◆ WHAT IS NEEDED
All that belongs in the answer is the lines from the one containing "徐市長一行深入公司八期車間、" to the end of the listing below, copied exactly, pictures excluded.

◆ DATA SECTION
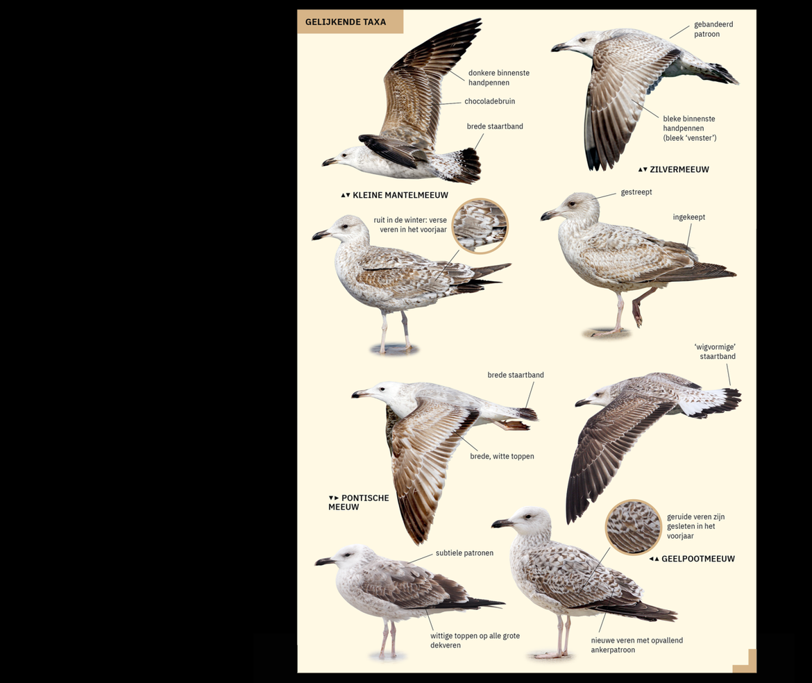 In de bijbehorende tekst worden de overige kenmerken benoemd. Om de soortbesprekingen tot de essentie te beperken, worden leeftijdsbepaling en rui - belangrijk bij (meeuwen)determinatie -  vooraf uitgebreid behandeld, in de inleidende hoofdstukken. Erg handig is ook dat bij iedere soort per leeftijdsklasse vergelijkingen worden gemaakt met de meest gelijkende (onder)soorten, in aparte blokjes. De soortteksten bevatten verder actuele informatie over voorkomen en verspreiding.
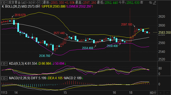 黄金给出的波段多单方向和点位基本上变差不大,上周在低位2541-40区域给出的多单,今天的高点触及2597一线。而
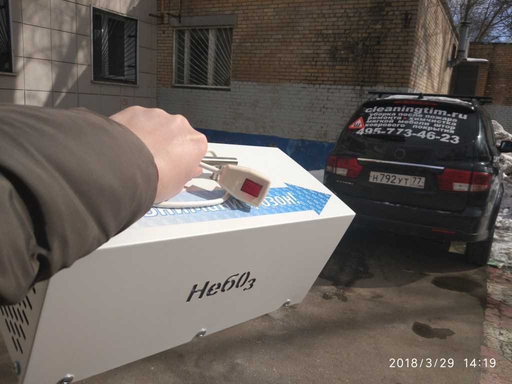 Это Андрей, владелец химчистки в Дедовске. Андрей приобрел озонатор «НебО3» по совету и рекомендации директора химчистки «Деликато». С лета 2017 года озонатор работал внутри цеха химчистки и устранял остатки запахов реагентов и препаратов, используемых в процессе химчистки.
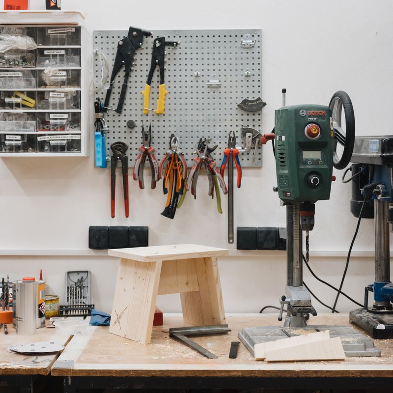 V kutilské dílně si můžeš třeba vyrobit věšák na zeď, poličku nebo přečalounit židli. Přímo sousedí s výtvarnou dílnou, ale jedná se o prašnější prostor, uzpůsobený pro řezání, broušení, lakování… Najdeš zde nejen drobné nářadí, ale třeba i cirkulárku nebo stojanové vrtačky.
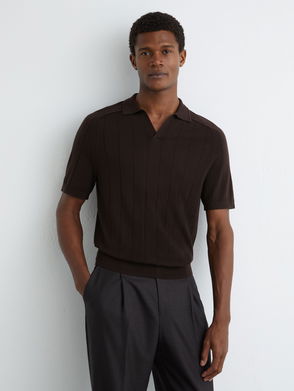 Merino Wool Wide-Rib Polo Jumper In Chocolate Brown
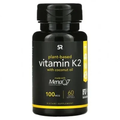 Сведения о добавке Размер порции: 1 мягкая капсула с жидкостью (растительная) Количество порций в упаковке: 60 Состав порции % от суточной нормы Витамин K2 (в форме MK-7 из нута) 100 мкг 125 %** ** Проценты от суточной нормы основаны на рационе в 2000 калорий. Содержит MenaQ7® — витамин K2 в виде MK-7Пищевая добавкаСертификат Non-GMO Project VerifiedСертифицированный веганский продуктНе содержит глютенаИмеет регистрацию текущей надлежащей производственной практики (cGMP)Качество продукта подтверждено в независимой лабораторииСодержит кокосовое маслоВитамин K2 с MenaQ7 от SR® — это форма витамина K2 (MK-7 в виде менахинона-7) премиального качества без ГМО. Витамин K2 от SR® получен из нута путем запатентованного процесса ферментации и соединен с кокосовым маслом первого холодного отжима в сертифицированной веганской капсуле PlantGel™.
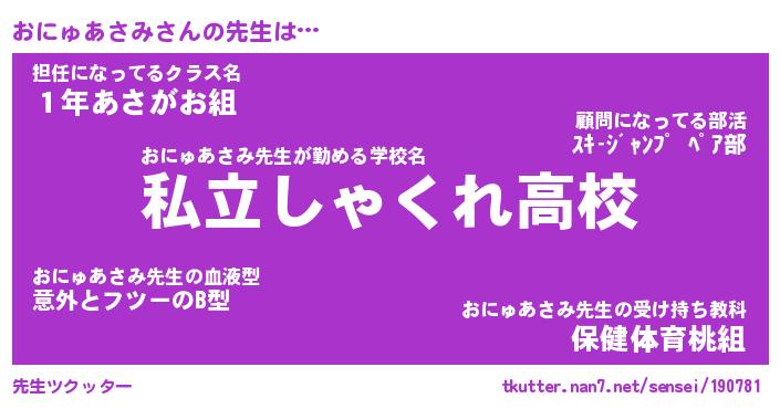 | 伝説のあだ名 | 『伝説のスナイパーおにゅあさみ』 |
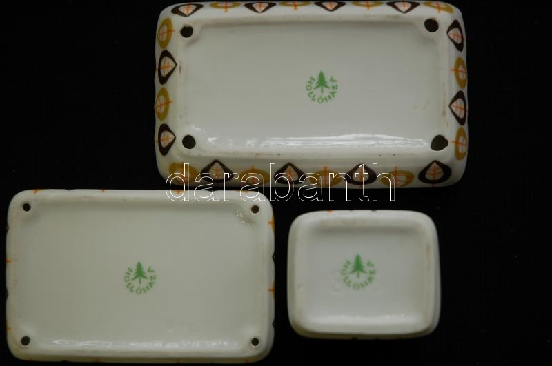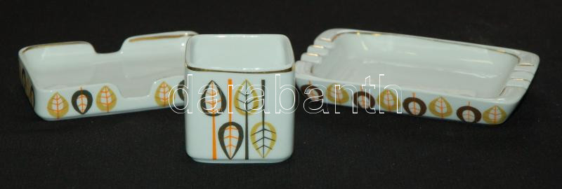 Leírás: Jelzett Hollóházi asztali porcelán cigaretta-készlet: gyufa-, cigaretta- és hamutartó
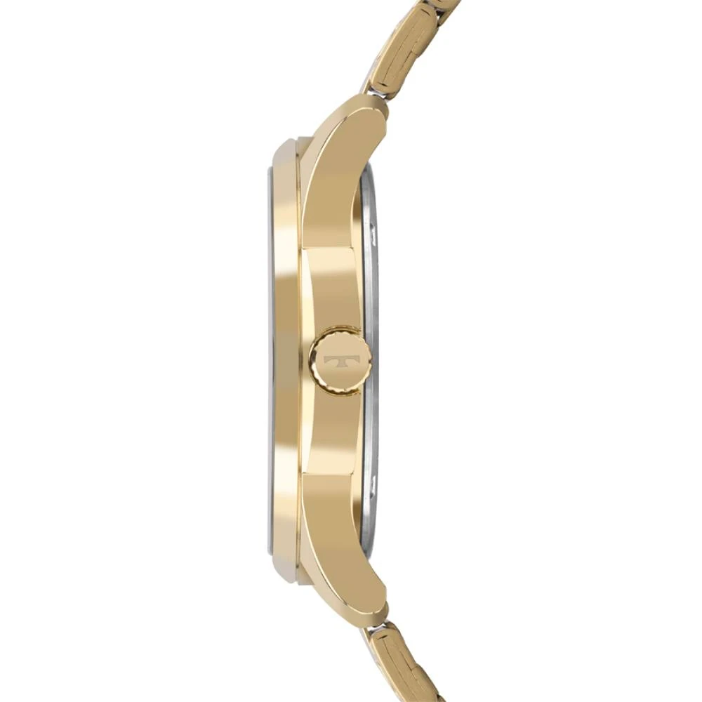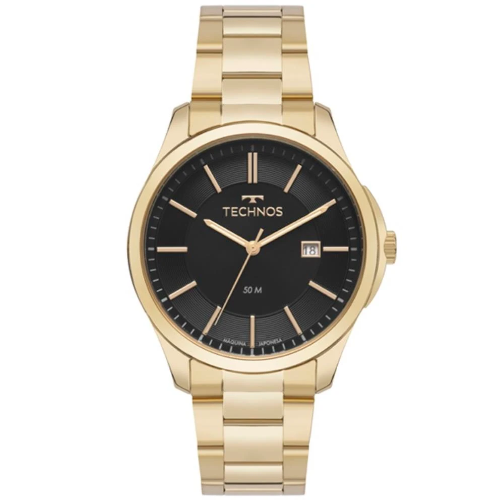 Caixa de AçoPulseira de AçoFundo RosqueadoResistente à Água 5 AtmDiâmetro / Largura da Caixa: 40.00 MMFunções: Analógico, CalendárioAlimentação do Maquinário: BateriaMostrador Preto com detalhes em douradoMaquinário Japonês
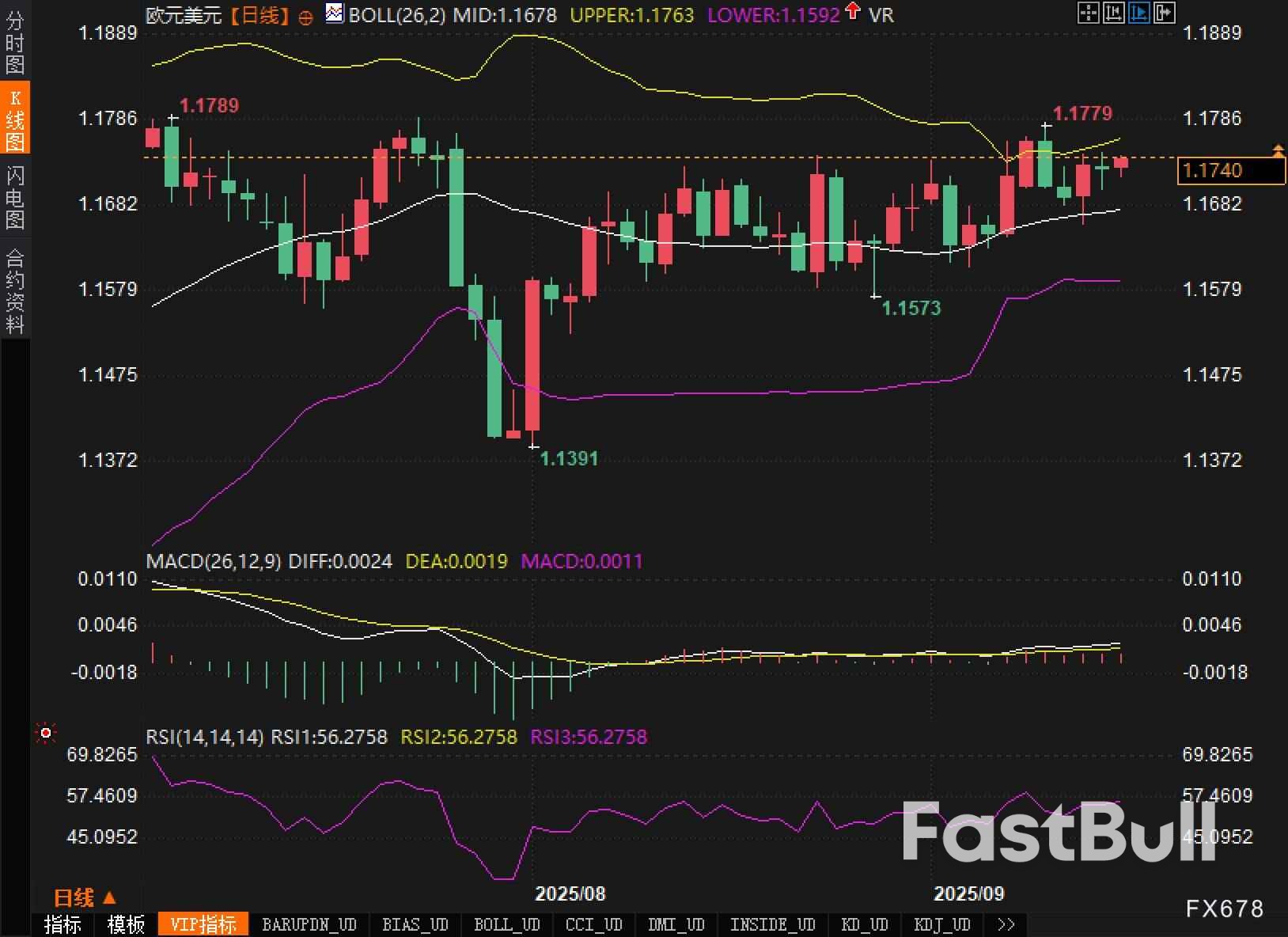 综合判断:上方阻力依次关注1.1763(布林上轨)—1.1779—1.1789;若有效上破并放量,日线或转入“上轨外沿走强”的趋势延伸段;反之,若在上轨附近反复受阻并伴随长上影,需提防假突破与回落测试中轨1.1678;支撑看1.1700整数关口与1.1680附近价区,再下为1.1592(布林下轨)。在缺乏放量与强动能配合前,形态仍以箱体上沿反复博弈为主,事件风险可能成为方向选择的“触发器”。
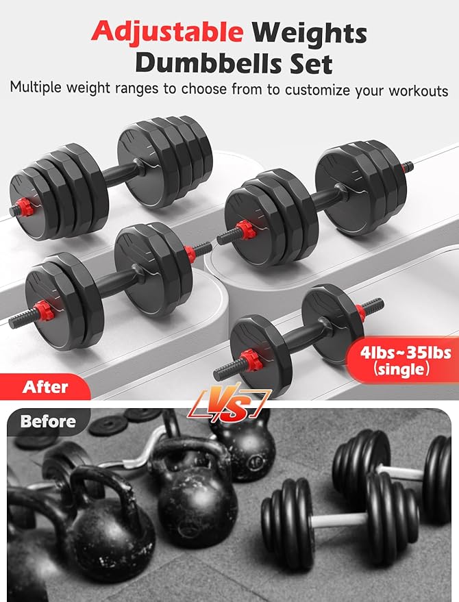 - Quick and Easy Adjustments: This adjustable dumbbell set allows for quick and easy weight changes, with a single dumbbell's adjustable weight range from 4lbs to 35lbs. The detachable design makes weight adjustments simple, ensuring you can switch between different exercises seamlessly, from light workouts to intense training sessions.
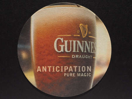 DUBLIN, IRELAND - DECEMBER 11, 2014: Beermat of Irish beer Guinness
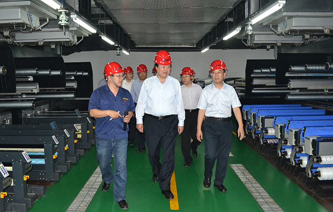 徐市長一行深入公司八期車間、立體包裝庫等一線生產區,對氨綸絲生產工藝流程以及公司生產運營情況進行了詳細了解。觀摩期間,公司總經理張斌向徐市長一行介紹了公司八期項目運行狀況、實施差別化戰略的成效以及公司中長期規劃目標。
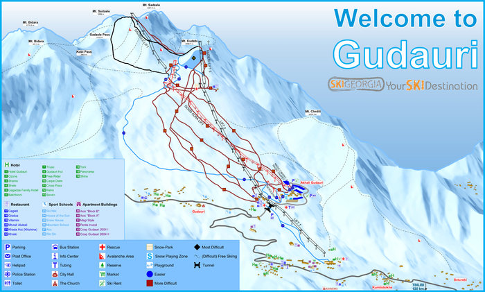 I dag finns det tre fungerande skidorter i Georgien. I Samegrelo/Zemo Svaneti-regionen ligger Mestia som så sent som 2011 besöktes av den italienska skidgurun Alberto Tomba som då passade på att klämma lite lagg tillsammans med Georgiens president. Mestia är en kulturskatt som på grund av dess kyrkor och gamla vakttorn är uppsatt på UNESCO:s världsarvslista. För att nå Mestia krävs en hel dags bilkörning från huvudstaden, om du inte tar inrikesflyget till Mestias egna flygplats.

◆ EXERCISE RESULT
 徐市長一行深入公司八期車間、立體包裝庫等一線生產區,對氨綸絲生產工藝流程以及公司生產運營情況進行了詳細了解。觀摩期間,公司總經理張斌向徐市長一行介紹了公司八期項目運行狀況、實施差別化戰略的成效以及公司中長期規劃目標。
 I dag finns det tre fungerande skidorter i Georgien. I Samegrelo/Zemo Svaneti-regionen ligger Mestia som så sent som 2011 besöktes av den italienska skidgurun Alberto Tomba som då passade på att klämma lite lagg tillsammans med Georgiens president. Mestia är en kulturskatt som på grund av dess kyrkor och gamla vakttorn är uppsatt på UNESCO:s världsarvslista. För att nå Mestia krävs en hel dags bilkörning från huvudstaden, om du inte tar inrikesflyget till Mestias egna flygplats.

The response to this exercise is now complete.